PP: Man, there’s been a ton. I mean lots of different kinds of moments. I would say the most memorable was to tour Europe. Just traveling around, experiencing new cultures every night.
MR: How many shows did you do in Europe with HEALTH?
PP: We were gone for two months, I don’t even know.

MR: Do you have any preshow rituals?
PP: I used to be about it for sure, I used to play “Deep Space 9MM” by El-P, that was years ago. I don’t do that anymore. I just sort of like, I feel like unpacking and packing my stuff, it’s a ritual because I do it all the time, but I pay a lot of attention to it.

MR: What do you like to listen to when you’re driving?
PP: I don’t know. In the car yesterday, we were jamming out to The Stooges, Bjork, UK club sounding stuff. I love dub step and grime.
MR: That’s new and old. Would you say you listen to more ’80s or older music?
PP: I usually listen to new stuff.

MR: What do you think of the current state of the music industry?
PP: It’s an amazing place right now.
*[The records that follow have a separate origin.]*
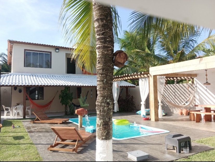 Casa em terreno murado de 700m2 para suas Crianças e Pets, a 120m da praia, No Condomínio Recanto das Pérolas do lado do mar. Circule em paz e segurança. Temos Wi-Fi, 4 quartos (todos com ventiladores de teto e roupa de cama), 3 banheiros e um chuveirão para volta da praia. Quiosque com uma mesa: reuna a família ao ar livre para jantar e jogar, nesse espaço equipado com Pia, Forno a Lenha e Churasqueira que faz um belo par com o Freezer Horizontal da cozinha. Seja Bem Vindo!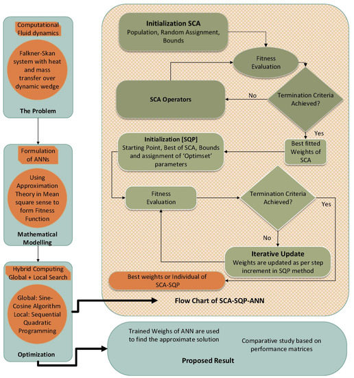 To assess the FS-HTM model’s dynamic behavior, the system is altered to become an optimization problem. Where a fitness function based on MSE is established. The definition of the fitness function is given in Equation (17). The solution to the FS-HTM problem is evaluated based on fitness values. For the optimization of the fitness function, a novel hybrid optimization procedure is introduced. The hybrid technique is based on local search and global search optimization procedures. For global search, sine–cosine algorithm (SCA) is used. The SCA investigates the space of potential optimal values and these values are assigned as an initial point to local search technique sequential quadratic programming (SQP). The SCA was initially presented by Mir Jalili. The SCA is a population-based method motivated by trigonometric functions sine and cosine. It generates a collection of arbitrary solutions and compares them to obtain the best one. For the performance evaluation of SCA, about nineteen composite functions were solved and the results were compared with the results of the genetic algorithm, particle swarm optimization, bat algorithm, flower pollination algorithm, firefly algorithm, and gravitational search algorithm [48]. The results were comparatively better. The reliability and consistency of SCA is tested on many problems, such as designing bend photonic crystals [49], the construction duration and schedule robustness was solved by [50], hydro-thermal-wind scheduling [51], automatic regulation voltage system set up [52], wind plant energy production [53], etc. To improve the exploitation of SCA, it is hybridized with the rapid convergence local search technique SQP and feed-forward neural network. It has many applications in solving problems, such as time-domain radiant transfer, which determines how optical parameters are distributed [54], control allocation with singularity avoidance [55], power system optimal power flow solutions [56], elitist feature selection with a new update mechanism [57], models of nonlinear electric circuits using computational intelligence [58], etc. The designed technique is abbreviated as SCA-SQP-ANN. For validity, reliability, and consistency, the solution of Runge–Kutta order 4 (RK4) is used as a benchmark solution. Figure 2 presents the flow chart for the optimization process.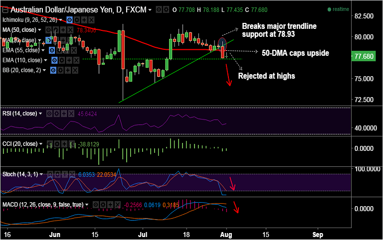 - The pair has broken major trendline support at 78.93, and has slipped below 50-DMA at 78.34.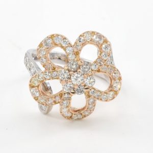 Pink & White Gold Diamond Flower Ring$2,975.00$2,975.00 18kt pink and white gold diamond flower ring. 59 round diamonds- 1.55cts. H-I color. VS2-SI1 Flower is 18mm. Any ring can be sized to fit. Contact Us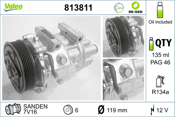 VALEO Kompressor, Klimaanlage AUSTAUSCHTEIL 813811 12V für PEUGEOT FIAT CITROËN LANCIA VOLVO 9686062080 9659749480 9672867780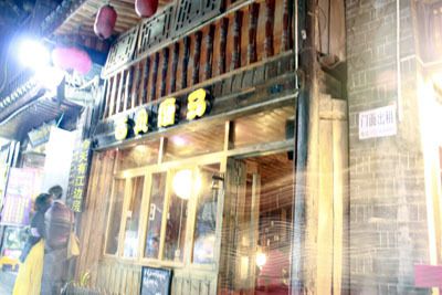 从张家界到凤凰大约四个半小时。赶到凤凰时,天已经暗了下来。只是满大街酒店让人摸不着北,酒店留的地址竟然没人知道,只能打了电话,却没想到店主很热情地过来接我们了。穿过沱江的时候有些小失望,江水里杂物很多,不甚清澈。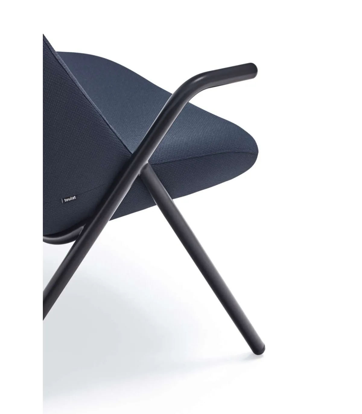 Butaca modelo Dins. Tapizado en tela de diferentes colores azul marino, crema, mostaza y verde oscuro. Las patas, que recubren todo el asiento, son metálicas de una sola pieza en negro.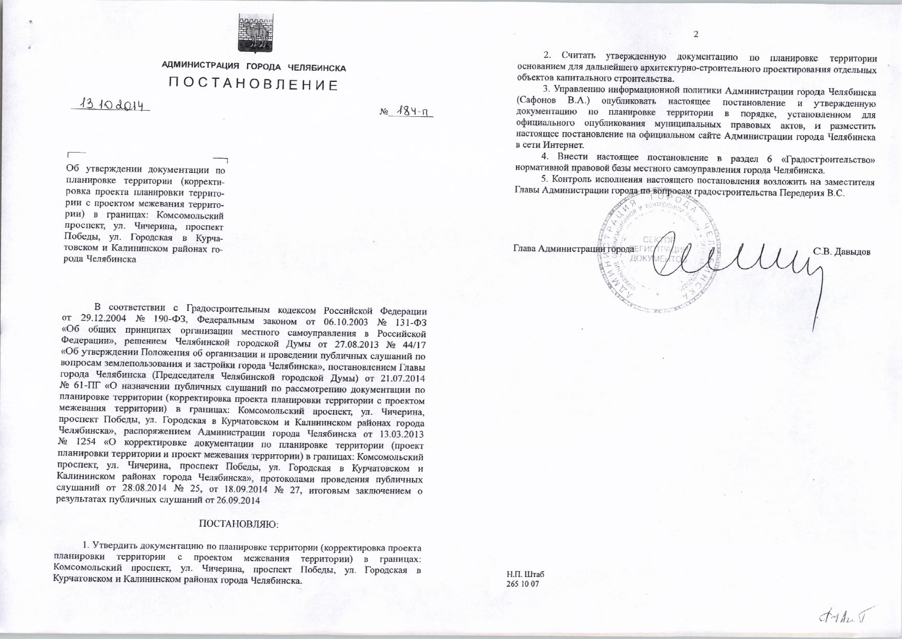Постановление Главы города № 184-П от 13.10.2014 «Об утверждении документации по планировке территории в границах: Комсомольский проспект, ул. Чичерина, Проспект Победы, ул. Городская в Курчатовском и Калининском районах города Челябинска»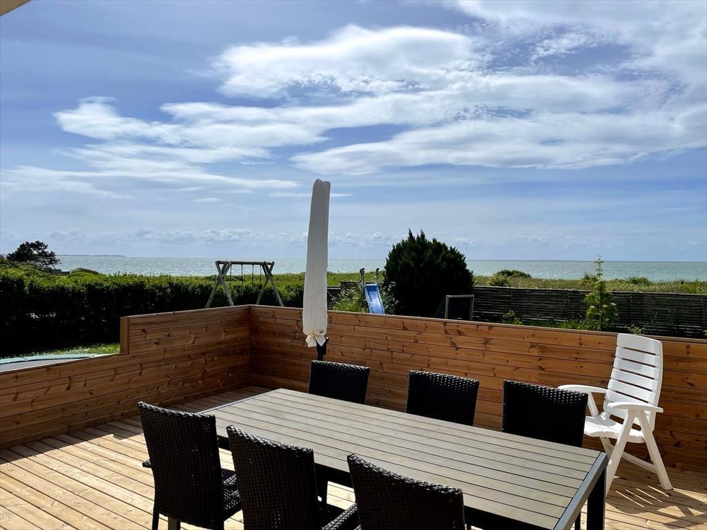 Met een zeezicht en een ruim perceel van 1004 m² is dit een uitstekende plek voor een ontspannende vakantie dichtbij de natuur en het strand, terwijl winkels en andere voorzieningen op ruim 12 kilometer afstand liggen.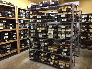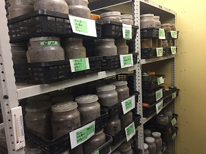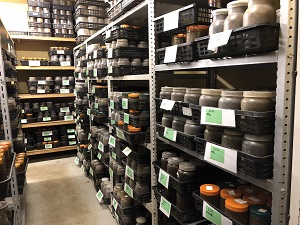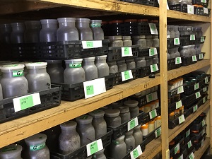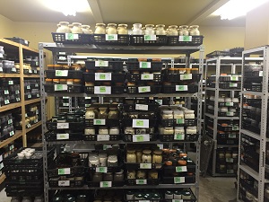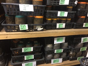 クワガタ専用ルーム内の棚は飼育ボトルで埋まっています。 年間で成虫約5,000頭程度のクワガタを養殖・出荷をしています。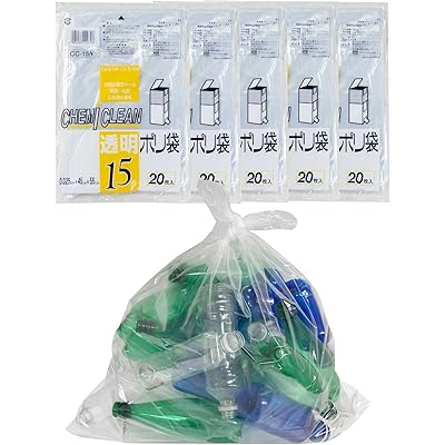 この商品は、ケミカルジャパン製のゴミ袋で、100枚(20枚×5セット)入りとなっています。サイズは横45cm、縦55cm、厚み0.025mmで、15Lの容量があります。このサイズは一般的なお部屋のゴミ箱にピッタリと合うように設計されています。また、このゴミ袋は透明なので、中身が一目でわかるという特徴があります。これは分別が細かいゴミの場合に非常に便利であると感じました。

This guy I’m touring with right now, Washed Out, has never really toured before. He’s headlining, he’s only played ten shows and we’re playing sold out shows.
MR: How does he do it?
PP: It’s all Internet.

MR: How do you feel about pirating music?
PP: Ah man, I download music all the time.
MR: Thief! Fucking thief.
PP: I’ve always put my music up for free.
MR: Do you think that’s necessary?
PP: Kind of, yeah. You have to give it away.
MR: How do we make money? Let the people know!
PP: Record sales, as for any indie band, makes no money. It’s just shows and merchandise. You have to work for it.
MR. That’s right. Nobody can download a shirt, motherfucker.

Mane Rok

MR: If you could create a band with no more than four members, who you’d like to see perform live, who would be in it? Would it be you and you and you and you or what?
PP: Let’s see. How about fucking, hmmm, a ’90s R&B boy band, Soul for Real, or Bell Biv DeVoe, on part vocal section, have an industrial producer from the ’80s Mister M, like Bauhaus. An R&B vocal band over some sick industrial beats because that wouldn’t make any sense at all.

MR: What’s next for you?
PP: The almighty recording in my bedroom, art in my bedroom, keeping it real. Doing my thing.

MR: Where do you hope your music takes you? The listener?
PP: I just want it to be able to take me around and to share my life with people. It allows me to be free and myself.
MR: Is it more about you or the listener? You being free, you felt constrained by hip-hop?
PP: I put a lot of concepts in my record that I want to come across to the listener. It’s definitely not just for me.